Back to the conversation and average Joe in the museum. For the difficulty is not only that an artwork is obscure and that therefore its presentation should be so (in a way Fuchs shows that that’s not necessary, for his display is luminous and clear). The difficulty that became clear to me in the discussion is that this mysterious, average figure, was one manifestation of the problem or question out of which, in my understanding, Play Van Abbe, grew in the first place: how do we deal with art today and tomorrow? For, if art is almost by nature complex, because of its idiosyncratic nature, asking into the ways to negotiate it, is almost like asking how we deal with complexity in our society.
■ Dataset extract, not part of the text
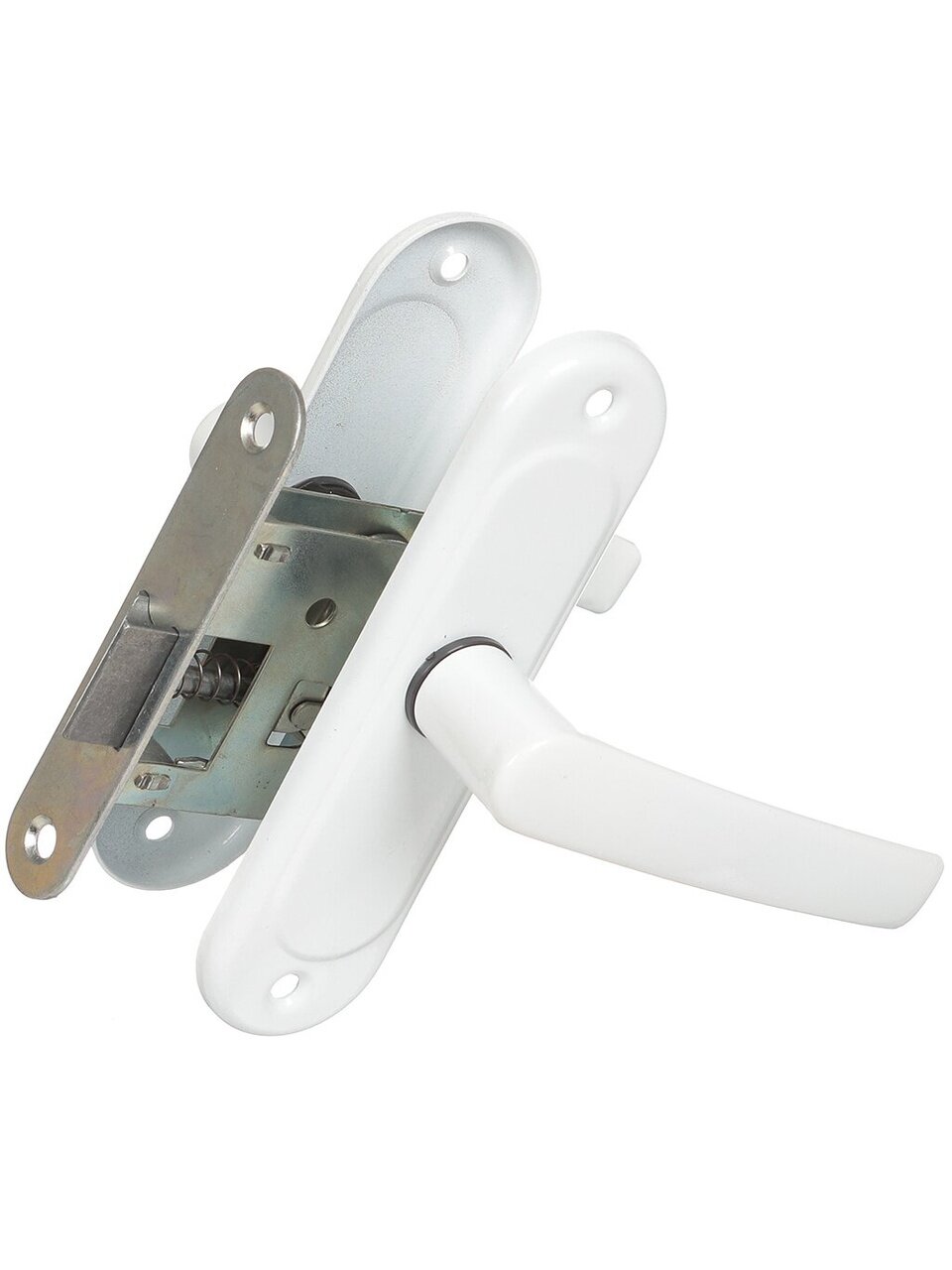 Комплектность: защелка врезная, планка запорная, шуруп (4х25), стержень, ручки фалевые.

So why can’t we return to the display strategy of Fuchs? Wouldn’t our average visitor appreciate such a presentation more, understand it better? To me the answer seems to be located partly in the medium that I’m using now – the internet, blogging. One of th things that have changed in those years separating us from 1983, is the way in which we communicate. The immense production of written text on the web, the diachronic way in which we can ‘mine’ it with search engines, the astronomical proliferation of cinematic and photographic images. These things are deeply affecting the way in which we negotiate complexity, and an institute like the museum is affected so hard by it, that it feels threatened in its existence if it considers the consequences.

For in a sense the museum is everything these new technological means are not. It is a static, authorative, hierarchical machine, whose techniques of display evolved to educate a mass audience. To negotiate complexity in a museum one has to accept it as authority, one has to return to its status of specialist institute that knows better. In the age of blogging and surfing it is especially specialism that is under siege all the time. Specialism is no longer acknowledged on the basis of degrees, but has been reduced to blunt arguments: can you convince me.

There is something positive about this, for it means that people are critical. However, it poses a challenge for those people whose practice was based on being a specialist and being trustworthy on that basis. Art historians are such specialists. We – I’m also an art historian – need to reconsider our practice and wonder how it functions within this new system of exchange. What role does the type of knowledge production with which we are engaged play today?

The spectre of the average visitor seems currently embedded within this problematic. For it seems the average visitor itself has changed and especially our relationship as specialist to a non-specialist audience has changed. The question therefore should not only be: does an average visitor understand the exhibition?, but how do we, as specialists, relate to somebody who doesn’t considers oneself as such. We have to be aware that the economy of knowledge has changed and that it requires, or even demands, that we face this change and reposition ourselves. Our practice of looking and analyzing, contemplating that complicated relationship between experience and ideas, is still valuable and necessary, just as art is, but if we don’t find ways in which to integrate this knowledge into the new system of exchange, I fear the distance between us and anyone considered average will only grow until we are to each other only a spec at the horizon.